Emma blinked, then looked from Stella to Jack in shock.

Then, with a sudden screech from her tyres, Stella tore off down the road.

Jack closed his eyes, pinched the bridge of his nose.

Emma swallowed. ‘Are you and Stella still together?’ she asked.

Jack took a breath. ‘It’s… well, it’s complicated. The short answer is not any more, but you know how she is – how she’s always been about you.’

Emma nodded. Stella had always seen her as a rival. Unfortunately the feeling was mutual.

‘I better go or else she’ll turn this into World War Three…’ He hesitated before turning to leave. ‘Sorry. I’ll see you.’

Emma retreated inside the cottage, where she closed the door and rested her head against the cool wood, breathing heavily, seeing Stella’s expression behind her closed lids. She couldn’t help but be sucked back into the past.



* * *



Those first few weeks when Emma first came to live at Hope Cottage there were many lessons to learn about the recipes her family made, her new home, and the people in it.

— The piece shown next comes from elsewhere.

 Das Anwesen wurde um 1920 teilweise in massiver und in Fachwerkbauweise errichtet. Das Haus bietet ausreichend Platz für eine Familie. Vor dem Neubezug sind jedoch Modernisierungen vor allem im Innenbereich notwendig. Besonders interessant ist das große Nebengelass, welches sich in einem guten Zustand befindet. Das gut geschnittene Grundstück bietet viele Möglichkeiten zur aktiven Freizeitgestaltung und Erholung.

She learned that cinnamon didn’t just provide warmth and flavour; it could help ease fear and anxiety. That celery wasn’t just something you served at really boring parties; it could help lower blood pressure. And that borage didn’t just make a colourful addition to salads; it was said to give courage too.

She learned that food made in the kitchen of Hope Cottage left at dusk, in dishes and on plates wrapped up in dishtowels over a covering of clingfilm, inside baskets that were secreted away to the sound of quick footsteps and desperate hearts. Those same baskets and dishes would return a few days later, in time for their next assignment. The blue casserole dish with the white daisies on its side, the cream plate with the rose pattern and the chip on the rim, the copper pot with the wooden handles, all clean and clear of food, but never empty, all the same.

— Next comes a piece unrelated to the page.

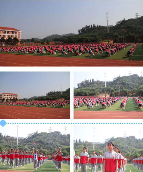 旋律飞扬,面带笑容,动作流畅,整齐划一。高中部自编韵律操《你最最最重要》充分展示了学生卓越的风采,让我们相信,在青春里,自信的你,运动的你,努力的你,最最最重要。

When the co-owner of the Whistle-In Store, Harrison Brimble, recovered from a nasty fall despite all his doctors’ dire speculations, it could only have been as a result of Evie’s Get Up and Go Gumbo, according to Mrs Brimble, who left six ticket stubs for the vintage cinema in town inside the blue casserole dish. When posh Madge Sanders finally got a proposal out of Timothy Wastrel after ten years of dating, she was convinced that it had to be because she’d fed him every last bite of Dot’s Make Up Your Mind Meringue, and she left French chocolate and perfume on the rose plate.